From 90458c9b296438c19eeb35a62f6ba3d63b87550c Mon Sep 17 00:00:00 2001
From: cytopia <cytopia@everythingcli.org>
Date: Mon, 14 May 2018 21:33:36 +0200
Subject: [PATCH] Trust custom certificates/CA if you choose to

---
 .../41-update-ca-certificates.sh              | 26 +++++++++++++++++++
 Dockerfiles/work/data/docker-entrypoint.sh    |  6 +++++
 README.md                                     |  6 ++++-
 3 files changed, 37 insertions(+), 1 deletion(-)

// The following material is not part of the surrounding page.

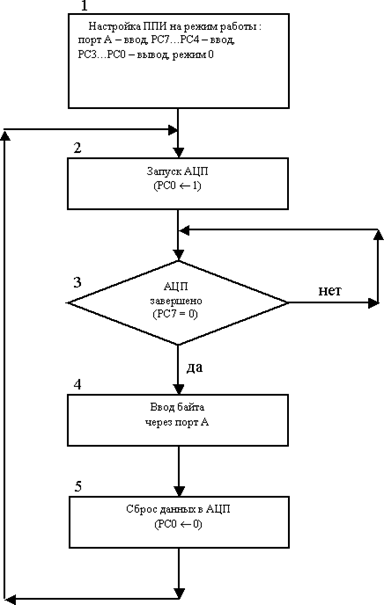 1,3,5 – реальные характеристики всего фильтра, 1-го и 2-го звеньев 2,4,6 – теоретические характеристики всего фильтра, 1-го и 2-го звеньев Рисунок 10.56 10.7 Разработка схемы алгоритма и управляющей программы Неотъемлемой частью любой микропроцессорной системы является управляющая программа, которая обеспечивает выполнение системой заданных функций. На рисунке 10.57 приведена схема алгоритма работы ЛМПСУ, структура которой показана на рисунке 10.1. В начале производится начальная инициализация ведомой ОМЭВМ, включающая начальные установки, программирование таймеров, последовательного и параллельного портов, системы прерываний. Затем обрабатывается первый (индекс 0) канал трехканальной системы сбора, обработки информации и управления. Это происходит в том случае, если отсутствует прерывание от установки флага RI=1 ведомой ОМЭВМ (входной буфер приемника последовательного канала полон). RI=0 отражает отсутствие необходимости удаленного управления, которое заключается в получении ведомой ОМЭВМ команды от микро ЭВМ более высокой ступени иерархии. Значение контролируемого параметра 1-го канала (в нашем случае – расход газа) через аналоговый мультиплексор и устройство выборки-хранения, встроенные в микросхему MAX154, поступит на вход АЦП этой микросхемы. Затем формируется сигнал запуска АЦП, ожидается окончание преобразования и после его завершения информация о текущем значении контролируемого параметра вводится в ОМЭВМ. Здесь это значение сравнивается с заданным, в результате чего вырабатывается сигнал рассогласования, который поступает на цифровой ПИД-регулятор, реализованный программно, и предназначенный для обеспечения требуемого качества процесса управления. С выхода регулятора снимается управляющее воздействие, которое через параллельный порт ОМЭВМ выводится сигналом Цифровое значение, сохраненное в регистре, непосредственно цифро-аналоговым преобразователем, выполненном на матрице R-2R и операционном усилителе, преобразуется в аналоговую величину – напряжение, которая выдается на соответствующий исполнительный элемент. После завершения обработки первого канала формируется сигнал сброса для АЦП и аналогично обрабатываются второй канал – измерения давления, а затем третий – измерения температуры. Если после этого работа системы не завершена, то управление вновь передается обработке 1-го канала и т.д. Если перед очередным циклом обработки появляется сигнал необходимости удаленного управления, то основная программа прерывается и управление передается подпрограмме, осуществляющей взаимодействие с микро ЭВМ более высокого уровня. Рабочая управляющая программа, реализующая данный алгоритм на языке Ассемблер ОМЭВМ МК51 приведена в таблице 10.7.

 create mode 100755 Dockerfiles/work/data/docker-entrypoint.d/41-update-ca-certificates.sh

diff --git a/Dockerfiles/work/data/docker-entrypoint.d/41-update-ca-certificates.sh b/Dockerfiles/work/data/docker-entrypoint.d/41-update-ca-certificates.sh
new file mode 100755
index 00000000..53c21b3d
--- /dev/null
+++ b/Dockerfiles/work/data/docker-entrypoint.d/41-update-ca-certificates.sh
@@ -0,0 +1,26 @@
+#!/usr/bin/env bash
+
+set -e
+set -u
+set -o pipefail
+
+
+############################################################
+# Functions
+############################################################
+
+###
+### Include certificates/CAs into own system
+###
+update_ca_certificates() {
+	local dir="${1}"
+	local debug="${2}"
+
+	if [ -d "${dir}" ]; then
+		for cert in $( find "${dir}" -name \*.crt ); do
+			name="$( basename "${cert}" )"
+			run "cp ${cert} /usr/local/share/ca-certificates/devilbox-${name}" "${debug}"
+		done
+	fi
+	run "update-ca-certificates" "${debug}"
+}
diff --git a/Dockerfiles/work/data/docker-entrypoint.sh b/Dockerfiles/work/data/docker-entrypoint.sh
index fceedc10..f5ffc668 100755
--- a/Dockerfiles/work/data/docker-entrypoint.sh
+++ b/Dockerfiles/work/data/docker-entrypoint.sh
@@ -182,6 +182,12 @@ run "chmod 0755 /shared/backups" "${DEBUG_LEVEL}"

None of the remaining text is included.